Dataset extract

----------

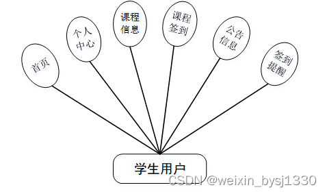 用户进入系统可以进行后台首页、模块管理(课程信息、课程签到、公告信息、签到提醒)等功能。用户用例如图3-8所示。
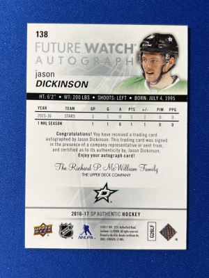 2016-17 SP Authentic Jason Dickinson Future Watch Auto /999 #138
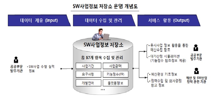 서석진 미래부 국장은 “SW사업정보 활용 서비스가 공공부문 SW사업의 정당한 사업대가 지급 및 적정 사업기간 보장에 기여할 것으로 기대한다”라며 “향후 기획재정부와 협조해, 공공 SW사업의 예산 요구 시 SW사업정보 저장소를 통한 사업규모 산출결과의 제출 의무화를 추진하여 SW사업정보 활용 서비스가 활성화 되도록 노력하겠다”고 밝혔다.공공 SW사업정보 활용 서비스 운영 개념도.<그림제공=미래부>

----------

Description of the task
The copy has to start at the line that contains "2016-17 SP Authentic" and end at the last line of the material above, matching the original exactly and holding no pictures.

Answer section
 2016-17 SP Authentic Jason Dickinson Future Watch Auto /999 #138
 서석진 미래부 국장은 “SW사업정보 활용 서비스가 공공부문 SW사업의 정당한 사업대가 지급 및 적정 사업기간 보장에 기여할 것으로 기대한다”라며 “향후 기획재정부와 협조해, 공공 SW사업의 예산 요구 시 SW사업정보 저장소를 통한 사업규모 산출결과의 제출 의무화를 추진하여 SW사업정보 활용 서비스가 활성화 되도록 노력하겠다”고 밝혔다.공공 SW사업정보 활용 서비스 운영 개념도.<그림제공=미래부>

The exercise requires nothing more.